START DATA EXTRACTS

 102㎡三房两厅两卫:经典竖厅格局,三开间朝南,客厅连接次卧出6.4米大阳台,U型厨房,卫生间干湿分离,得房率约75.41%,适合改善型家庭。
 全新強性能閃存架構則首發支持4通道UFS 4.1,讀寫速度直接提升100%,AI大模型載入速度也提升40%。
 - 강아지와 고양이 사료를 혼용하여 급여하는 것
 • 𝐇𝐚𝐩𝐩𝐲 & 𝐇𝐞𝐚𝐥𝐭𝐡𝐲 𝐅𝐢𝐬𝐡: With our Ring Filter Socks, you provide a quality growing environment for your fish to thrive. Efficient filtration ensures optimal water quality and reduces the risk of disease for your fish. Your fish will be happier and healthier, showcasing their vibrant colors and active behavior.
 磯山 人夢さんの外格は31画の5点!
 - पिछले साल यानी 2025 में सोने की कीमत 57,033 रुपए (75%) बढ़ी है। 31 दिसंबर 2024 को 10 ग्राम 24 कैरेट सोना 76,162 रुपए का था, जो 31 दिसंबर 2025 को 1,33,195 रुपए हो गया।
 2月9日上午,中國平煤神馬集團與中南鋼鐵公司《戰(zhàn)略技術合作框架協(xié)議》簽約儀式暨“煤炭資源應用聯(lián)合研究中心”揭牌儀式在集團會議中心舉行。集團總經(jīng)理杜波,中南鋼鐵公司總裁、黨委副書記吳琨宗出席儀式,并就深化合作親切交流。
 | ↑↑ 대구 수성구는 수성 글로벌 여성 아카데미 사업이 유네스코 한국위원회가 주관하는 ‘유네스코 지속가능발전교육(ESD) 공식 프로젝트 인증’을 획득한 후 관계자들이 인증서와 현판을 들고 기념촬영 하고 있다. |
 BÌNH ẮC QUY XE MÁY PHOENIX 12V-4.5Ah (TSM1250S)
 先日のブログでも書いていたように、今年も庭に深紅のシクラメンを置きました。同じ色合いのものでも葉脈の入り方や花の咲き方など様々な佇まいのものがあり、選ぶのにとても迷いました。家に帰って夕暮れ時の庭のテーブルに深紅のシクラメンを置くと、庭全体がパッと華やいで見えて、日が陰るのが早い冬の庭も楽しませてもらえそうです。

END DATA EXTRACTS
START DATA EXTRACTS

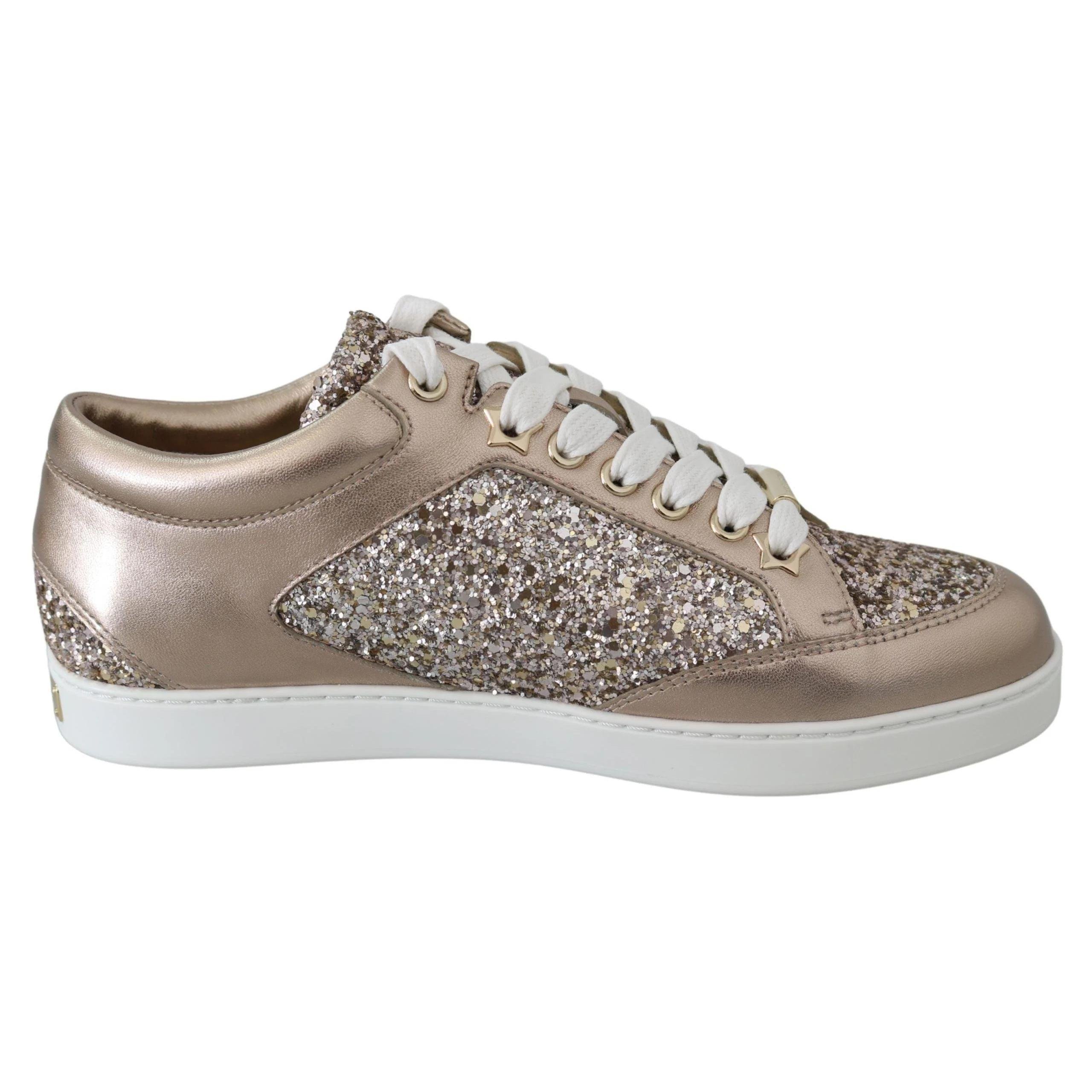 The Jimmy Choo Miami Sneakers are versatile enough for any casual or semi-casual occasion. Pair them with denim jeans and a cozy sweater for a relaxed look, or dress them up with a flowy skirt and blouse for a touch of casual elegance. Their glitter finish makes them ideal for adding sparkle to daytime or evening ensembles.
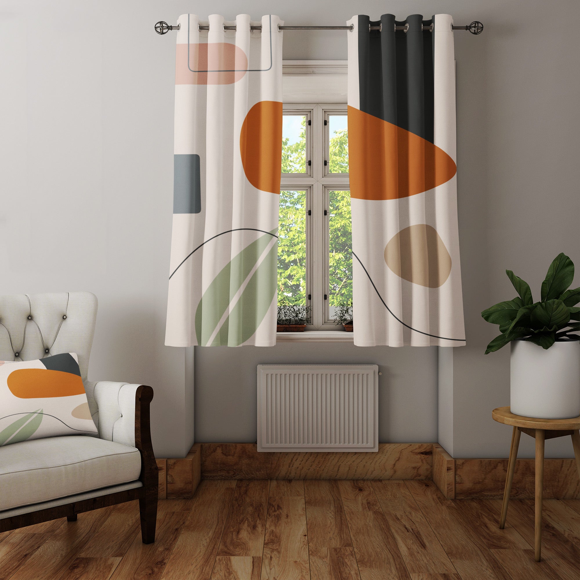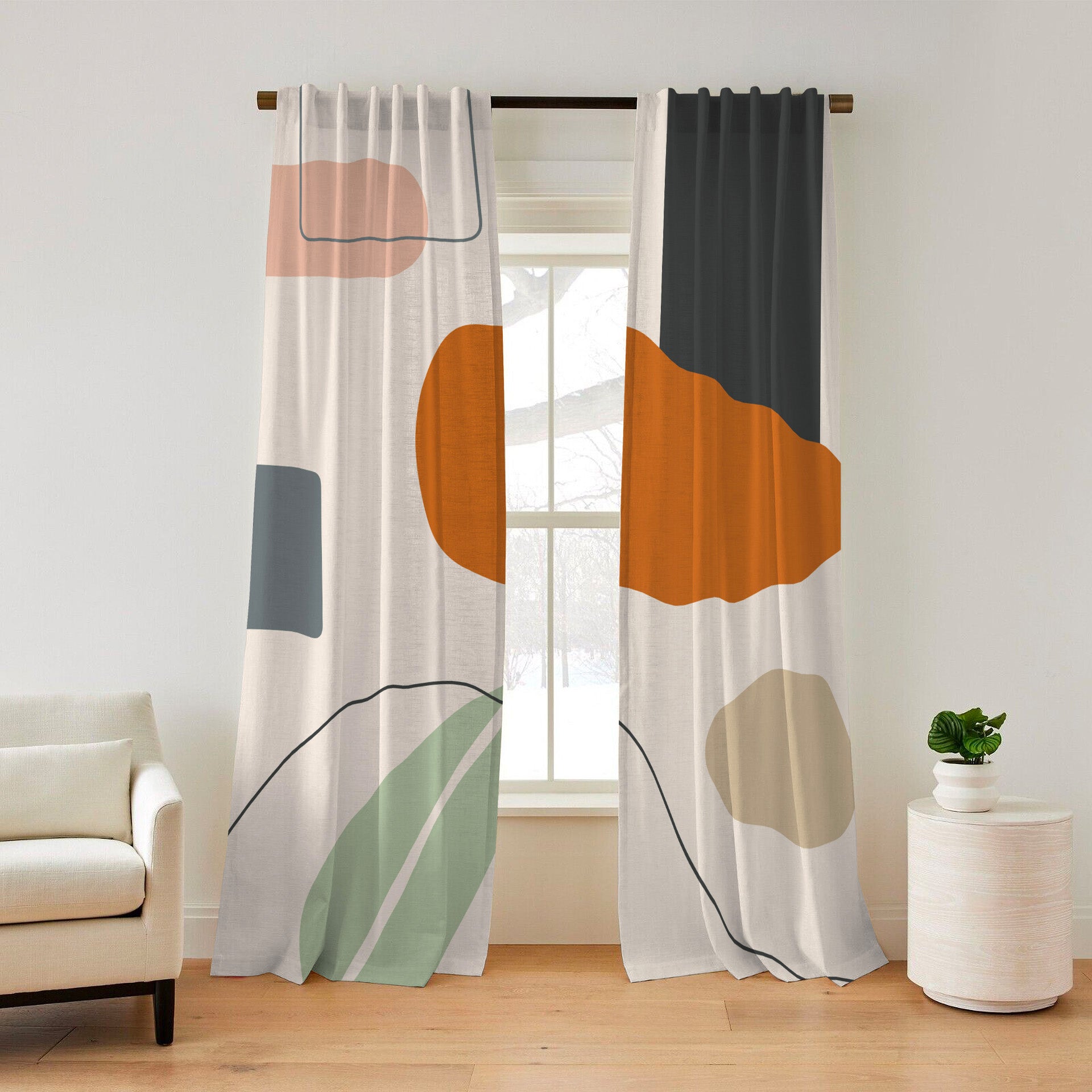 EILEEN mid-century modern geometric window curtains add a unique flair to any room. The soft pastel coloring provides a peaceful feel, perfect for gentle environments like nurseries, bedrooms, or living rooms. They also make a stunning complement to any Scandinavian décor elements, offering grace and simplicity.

END DATA EXTRACTS
START DATA EXTRACTS

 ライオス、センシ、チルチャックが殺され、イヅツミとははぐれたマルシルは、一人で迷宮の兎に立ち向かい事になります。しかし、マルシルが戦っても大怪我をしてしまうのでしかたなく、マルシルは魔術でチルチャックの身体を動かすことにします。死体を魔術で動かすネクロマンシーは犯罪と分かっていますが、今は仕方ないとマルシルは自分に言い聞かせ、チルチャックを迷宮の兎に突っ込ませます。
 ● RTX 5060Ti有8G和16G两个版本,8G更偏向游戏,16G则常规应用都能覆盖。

END DATA EXTRACTS

**EXERCISE DESCRIPTION:**
Start with the line above that contains "全新強性能閃存架構則首發支持" and stop after the line that contains "2月9日上午,中國平煤神馬集". Output those lines exactly, and only those.

**WRITTEN SOLUTION:**
 全新強性能閃存架構則首發支持4通道UFS 4.1,讀寫速度直接提升100%,AI大模型載入速度也提升40%。
 - 강아지와 고양이 사료를 혼용하여 급여하는 것
 • 𝐇𝐚𝐩𝐩𝐲 & 𝐇𝐞𝐚𝐥𝐭𝐡𝐲 𝐅𝐢𝐬𝐡: With our Ring Filter Socks, you provide a quality growing environment for your fish to thrive. Efficient filtration ensures optimal water quality and reduces the risk of disease for your fish. Your fish will be happier and healthier, showcasing their vibrant colors and active behavior.
 磯山 人夢さんの外格は31画の5点!
 - पिछले साल यानी 2025 में सोने की कीमत 57,033 रुपए (75%) बढ़ी है। 31 दिसंबर 2024 को 10 ग्राम 24 कैरेट सोना 76,162 रुपए का था, जो 31 दिसंबर 2025 को 1,33,195 रुपए हो गया।
 2月9日上午,中國平煤神馬集團與中南鋼鐵公司《戰(zhàn)略技術合作框架協(xié)議》簽約儀式暨“煤炭資源應用聯(lián)合研究中心”揭牌儀式在集團會議中心舉行。集團總經(jīng)理杜波,中南鋼鐵公司總裁、黨委副書記吳琨宗出席儀式,并就深化合作親切交流。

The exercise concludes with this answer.